Work request: When copying the data below, keep only the lines from the one with "Liels paldies par" through the one with "Kit Perfume Capilar", word for word, and skip the pictures.

Information provided:

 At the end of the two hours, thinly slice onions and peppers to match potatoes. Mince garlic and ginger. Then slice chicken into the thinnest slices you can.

...

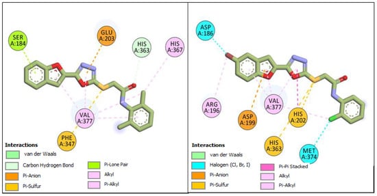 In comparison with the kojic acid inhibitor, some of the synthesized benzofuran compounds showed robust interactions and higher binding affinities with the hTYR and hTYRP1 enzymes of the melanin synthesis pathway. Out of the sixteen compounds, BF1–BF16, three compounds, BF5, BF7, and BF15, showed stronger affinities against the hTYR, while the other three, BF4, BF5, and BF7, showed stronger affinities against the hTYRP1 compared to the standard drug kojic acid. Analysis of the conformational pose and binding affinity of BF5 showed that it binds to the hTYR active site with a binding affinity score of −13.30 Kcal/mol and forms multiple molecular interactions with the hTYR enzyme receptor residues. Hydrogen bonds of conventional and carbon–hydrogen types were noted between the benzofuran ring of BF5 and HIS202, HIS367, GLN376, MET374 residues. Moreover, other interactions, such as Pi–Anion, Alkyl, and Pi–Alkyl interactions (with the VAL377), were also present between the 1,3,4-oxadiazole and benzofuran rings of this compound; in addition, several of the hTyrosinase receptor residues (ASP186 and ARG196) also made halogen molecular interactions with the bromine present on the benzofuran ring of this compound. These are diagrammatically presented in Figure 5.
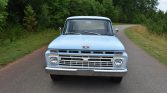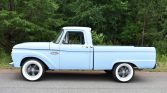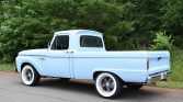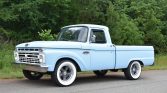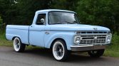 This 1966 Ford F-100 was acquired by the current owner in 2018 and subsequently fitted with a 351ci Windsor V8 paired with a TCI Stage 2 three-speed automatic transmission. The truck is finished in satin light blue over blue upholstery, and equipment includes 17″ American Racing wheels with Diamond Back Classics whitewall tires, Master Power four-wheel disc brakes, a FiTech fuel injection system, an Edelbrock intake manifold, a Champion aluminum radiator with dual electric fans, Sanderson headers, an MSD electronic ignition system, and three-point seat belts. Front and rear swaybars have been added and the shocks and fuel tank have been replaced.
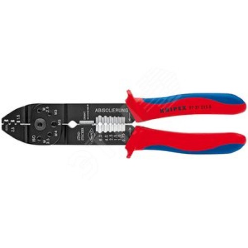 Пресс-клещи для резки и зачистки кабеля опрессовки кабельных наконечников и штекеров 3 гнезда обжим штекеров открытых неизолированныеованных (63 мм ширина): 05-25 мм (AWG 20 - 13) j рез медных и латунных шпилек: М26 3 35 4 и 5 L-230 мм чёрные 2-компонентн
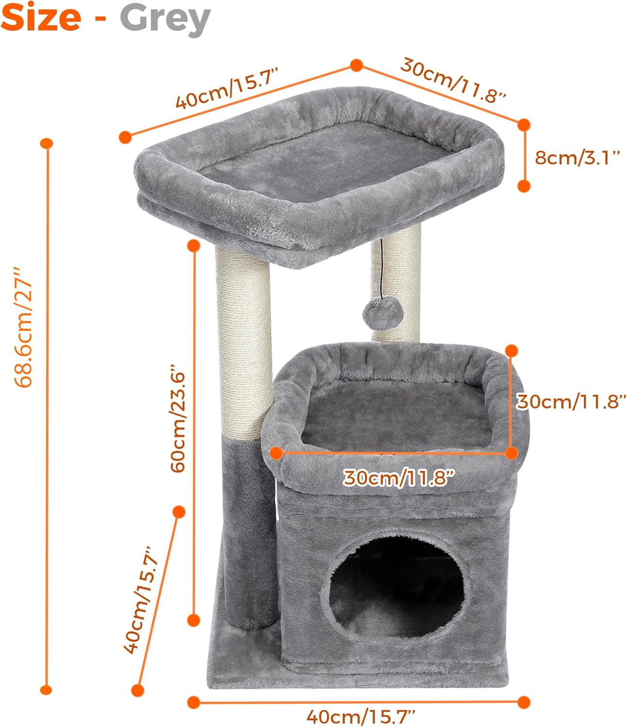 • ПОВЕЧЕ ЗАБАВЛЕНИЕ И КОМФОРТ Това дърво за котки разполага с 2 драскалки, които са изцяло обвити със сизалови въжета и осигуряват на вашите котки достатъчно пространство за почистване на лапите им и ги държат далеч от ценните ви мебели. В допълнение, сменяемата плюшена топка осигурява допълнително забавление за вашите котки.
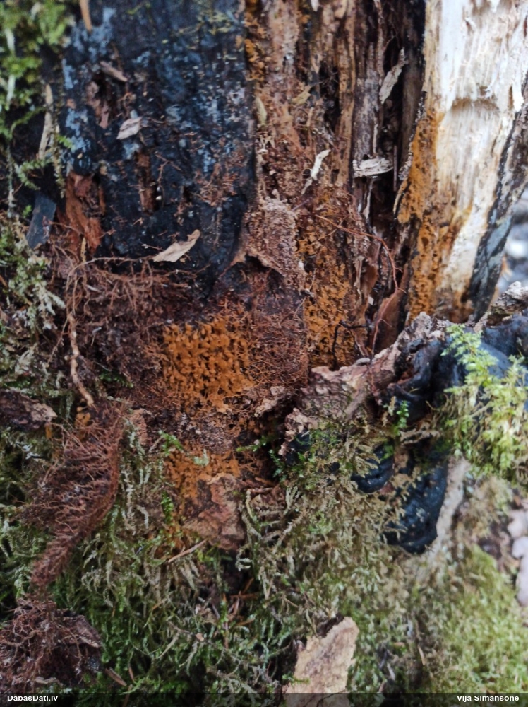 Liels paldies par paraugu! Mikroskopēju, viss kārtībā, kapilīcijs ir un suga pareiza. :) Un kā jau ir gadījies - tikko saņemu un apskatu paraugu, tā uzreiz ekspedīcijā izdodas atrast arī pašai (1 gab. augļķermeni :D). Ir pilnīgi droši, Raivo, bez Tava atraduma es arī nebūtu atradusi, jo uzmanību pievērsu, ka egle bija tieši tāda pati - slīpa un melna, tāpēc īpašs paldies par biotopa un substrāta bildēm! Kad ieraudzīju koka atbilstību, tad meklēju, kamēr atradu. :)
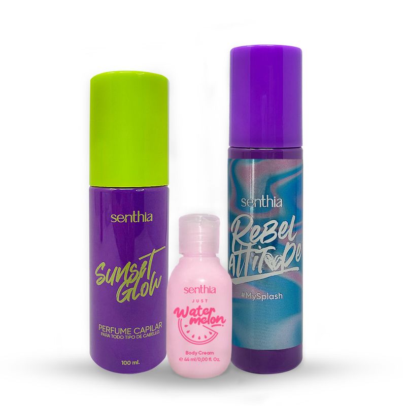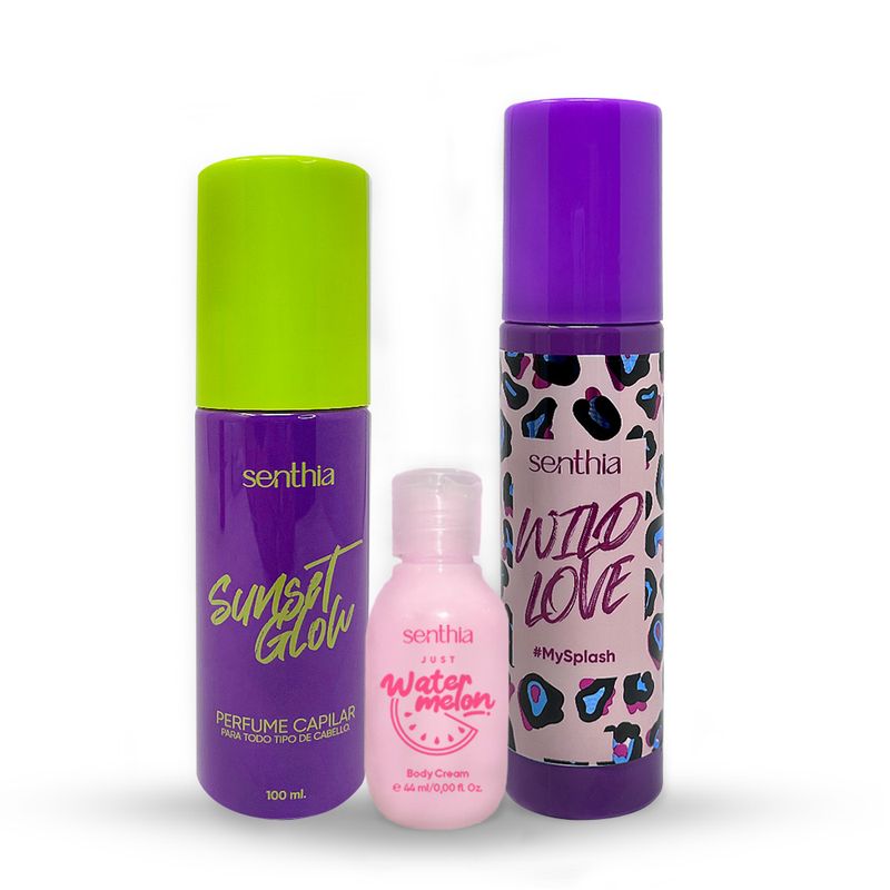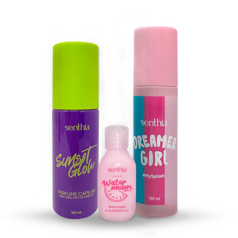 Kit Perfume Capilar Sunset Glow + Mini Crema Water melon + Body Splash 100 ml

Response:
 Liels paldies par paraugu! Mikroskopēju, viss kārtībā, kapilīcijs ir un suga pareiza. :) Un kā jau ir gadījies - tikko saņemu un apskatu paraugu, tā uzreiz ekspedīcijā izdodas atrast arī pašai (1 gab. augļķermeni :D). Ir pilnīgi droši, Raivo, bez Tava atraduma es arī nebūtu atradusi, jo uzmanību pievērsu, ka egle bija tieši tāda pati - slīpa un melna, tāpēc īpašs paldies par biotopa un substrāta bildēm! Kad ieraudzīju koka atbilstību, tad meklēju, kamēr atradu. :)
 Kit Perfume Capilar Sunset Glow + Mini Crema Water melon + Body Splash 100 ml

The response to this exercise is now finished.